I have a mk1 Rabbit that hasn't been started in the past 14 years and I was hoping someone could give me basically a list of all the things I should do to get it to run.
I know for sure it will need a new battery, and probably fresh fuel. I should probably change the HT leads and distributor cap, 
Is there anything else I should do before I crank it? 
It's been stored in a garage on jack stands so never exposed to rain but I live in the Berkeley hills so there's plenty of fog and moisture in the air.


----------



## classicgameswi (Aug 16, 2007)

put some oil in each cylinder to prevent wear on startup, also check the oil. changing the oil first wouldn't hurt either. Check the timing belt for cracking etc. too.


----------



## thegave (Dec 22, 2008)

*Re: (classicgameswi)*

How, remove cam cover or hand turn engine?


----------



## nnamssorxela (Jul 19, 2009)

*Re: (thegave)*

I believe the bottom most pulley on the side of the engine is the crank pulley. DO NOT turn the cam pulley. It is a 19mm.
You can easily access it from the bottom of the car. Mine had been sitting for 9 years. I put a squirt of automatic transmission fluid (I used this because it contains lots of detergents that will eat through anything that might be seizing your engine up) in each cylinder and let it set for a few days. 
The fuel system will more than likely need to be cleaned. Mine runs on carb cleaner for a second or two, then dies as expected due to clogged injectors or various other fuel system parts. When starting be sure to have a spare battery or booster battery/car so you won't drain the one you just bought.


----------



## thegave (Dec 22, 2008)

*Re: (nnamssorxela)*

I've heard of the ATF trick; do I apply it directly into the cylinders(??) or through the regular oil filler cap and turn the engine over by hand?
Also with fuel additives I don't know if you have something called Redex over here but is any kind of octane booster/injector cleaner okay or does it need to be a type of carb cleaner (more potent cleaning agents?)? Also how should the ratios go?

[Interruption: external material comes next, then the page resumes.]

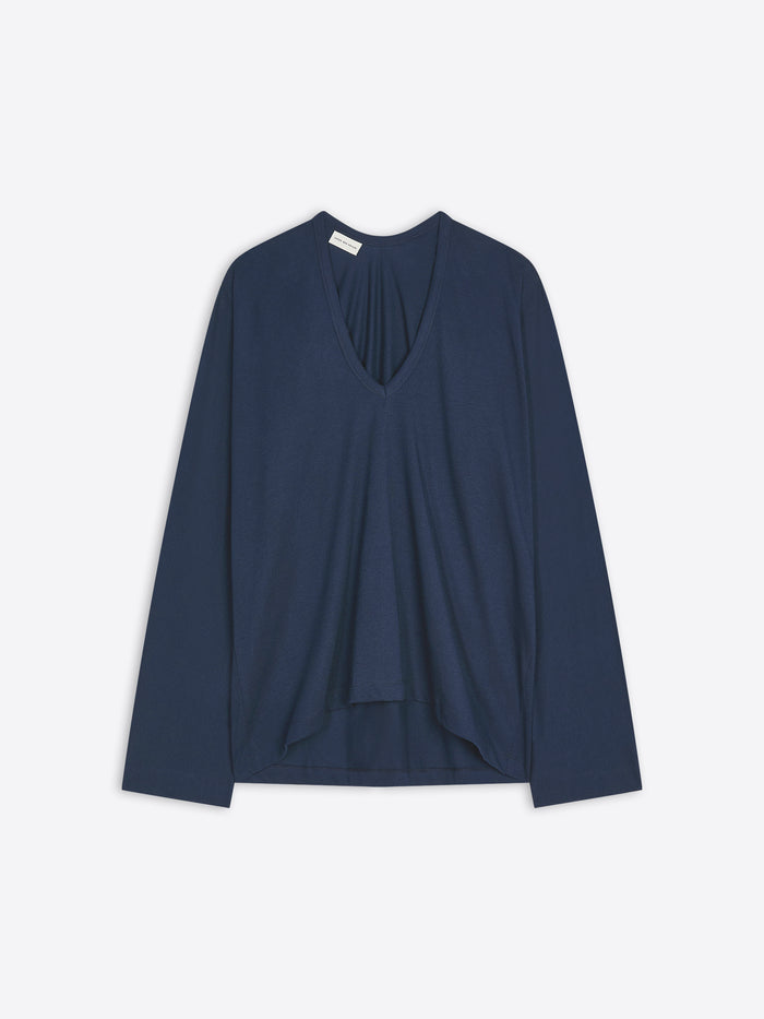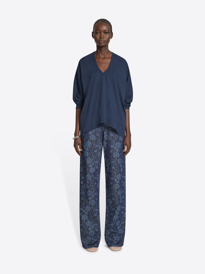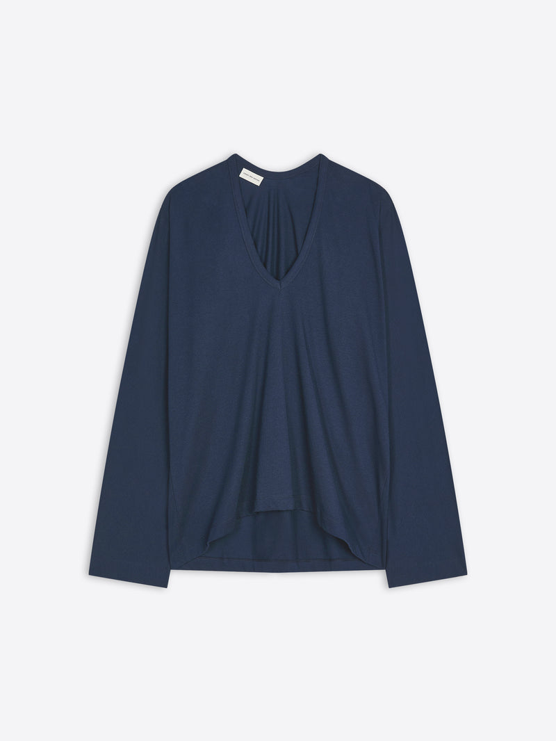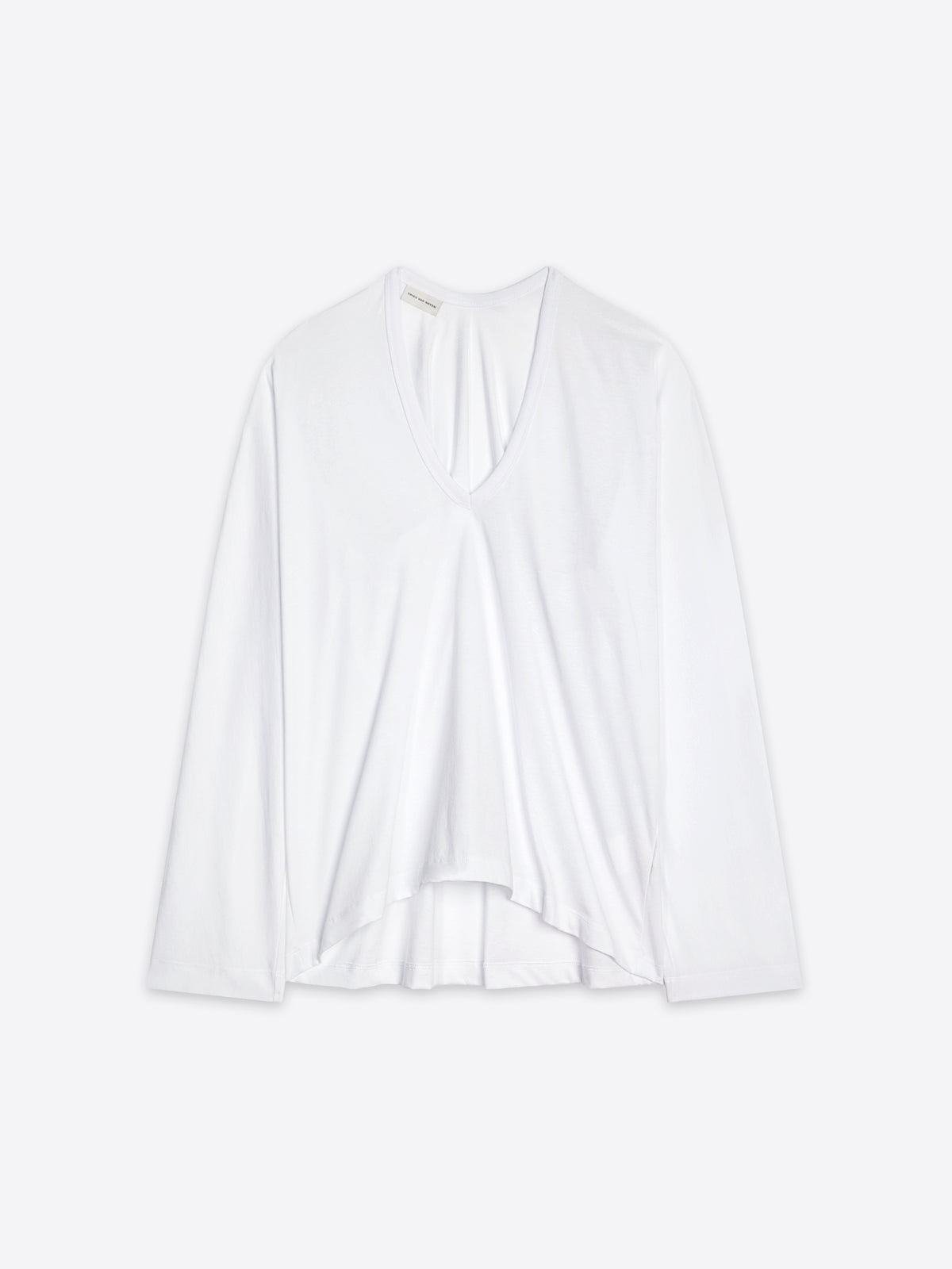 T-shirt oversize à manches longues et col en V profond, en coton léger.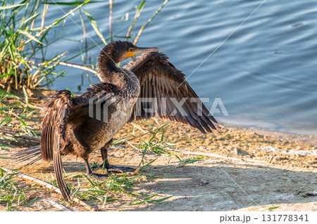 Great cormorant, Phalacrocorax carbo, sits on stone and dries its wings on the wind.

Generally it's like one unit per full tank, should I double that (one unit and a half tank) or more or less?
Cheers


----------



## vwPanda (Apr 30, 2006)

I'd look in the gas tank before the fuel pump ever comes on.


----------



## thegave (Dec 22, 2008)

*Re: (vwPanda)*

There wasn't much in it I filled it with about 3 gallons of fresh premium and a bottle of injector cleaner...
Oh I also kind of over-filled it with oil and it smoked a wee bit. Is this bad? Like two quarts too much.


_Modified by thegave at 7:36 AM 9-15-2009_


----------